I feel your pain. All my family were Reds. I decided to be clever and justified it as my birth home in The Meadows was nearer to Notts. Rode the wave in 71 and a few H2Hs but otherwise. Sigh.
Dear Dad
Oh why oh why couldn't you have been like your elder brother and supported the other Nottingham team? From the time you first took me to Meadow Lane my cousin has seen:
FA Cup Win
Top Flight champions
European Champions twice
League Cup winners four times
and they have matched our one win of the Anglo-Italian.
I won't go on to all the minor wins and achievements. We may have finished above them one season but I'm not sure of that. And they haven't always beaten us in head-head.
They had a similar size football ground; theirs is now larger than ours and nearly always full, ours is now smaller and gets about half way full. They've never experienced the fourth tier or lower.
Dear Uncle, why did you have so little influence of your little brother? Was he a rebel?
Your disgruntled son
P1ssed off Pie
I feel your pain. All my family were Reds. I decided to be clever and justified it as my birth home in The Meadows was nearer to Notts. Rode the wave in 71 and a few H2Hs but otherwise. Sigh.

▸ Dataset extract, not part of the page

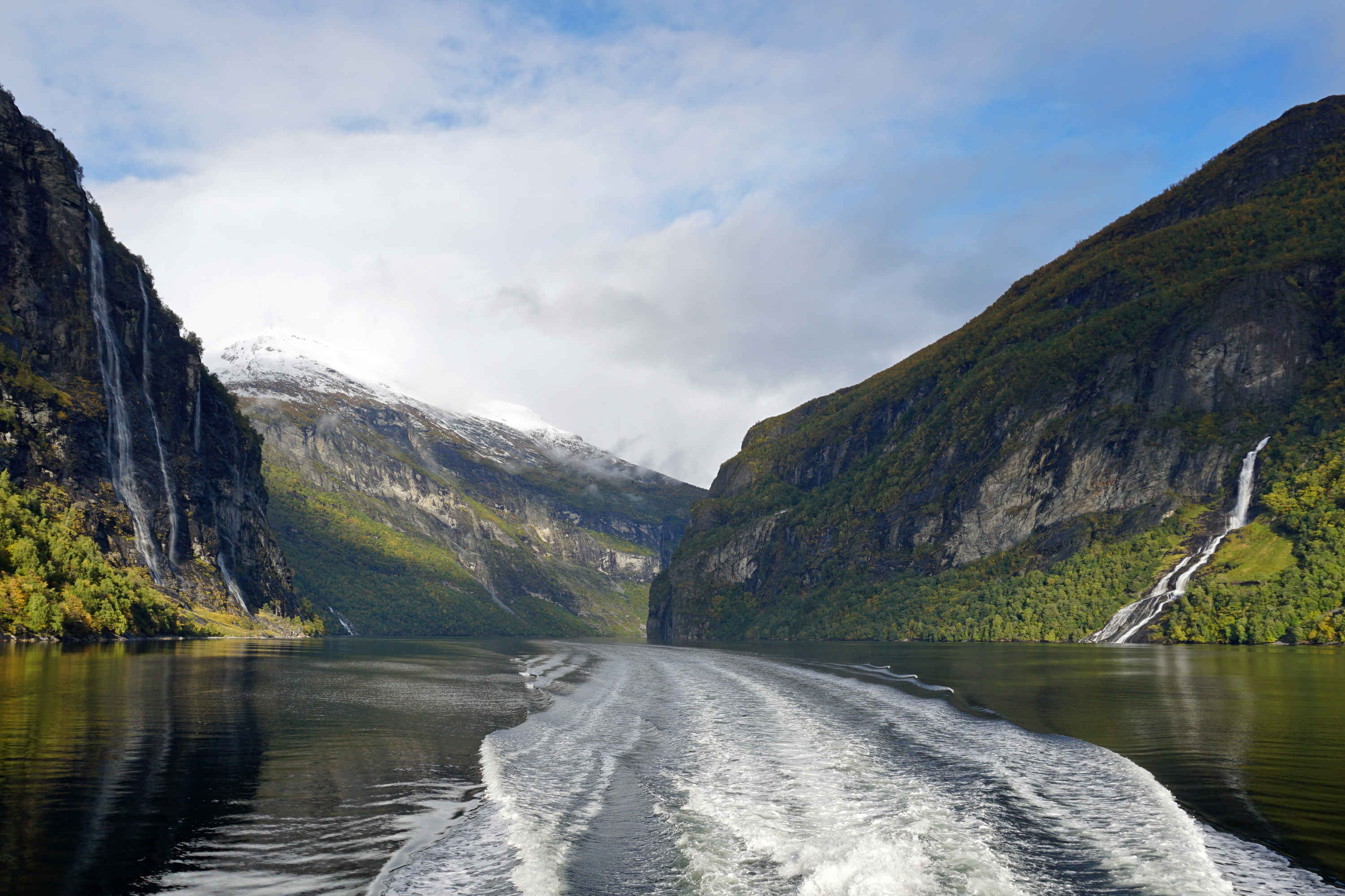 Seven Sisters (left) and the Suitor (right) waterfalls, Geirangerfjorden, Norway.

The only source of stress and unhappiness in my life currently is Notts. My lad cancelled a date with a girl last night cos he was so cheesed off with yesterday!
Dad
Thank you for choosing to take me to Notts as a 4 year old in 1961 (if it was only because you could watch me got to the toilet and back). I have loved every minute of it, the wins, the draws and all the losses. I have never regretted it and love the fact that through the difficult relationship during my ****age years we could still bond going to the game together and still did until you were too ill to go in the late 1990s.
I think of you during every game.
Lots of love Colin
I'd rather be a pie than a sheep.
Note to self,
Similar sentiments except that I had nobody take me to Meadow Lane, it was entirely my decision to become a Notts fan in 1970. I became interested in football, and a combination of teeenage rebellion and love for the underdog made me choose Notts over Forest. Even when they were winning European cups I never regretted it for a second. I've had some great years and some awful years but I wouldn't change a thing.
My parents had no interest in football and my earliest memory is of hating the red dogs rather than supporting anyone so I suppose it was natural for me to end up at the Lane.
To a point, I knew what I was getting myself into, deciding for myself that I wanted to go to Meadow Lane and not the Sh***y Ground 3 years after they'd last won the European Cup. However, I wasn't bargaining on us becoming a lower league club for 30 years and counting.
I could have coped with them always finishing above us had we remained, for the most part, a 2nd tier outfit.
I honestly believed 100%, leaving Wembley after beating Brighton, that the 5 season spell in tier 3 from 1985/86 (never finishing lower than 9th) would turn out to be the absolute low of lows I'd ever have to endure and that the likes of David Campbell, Stuart Rimmer and Richard Young would forever be the worst players I'd ever have to witness in a black & white shirt.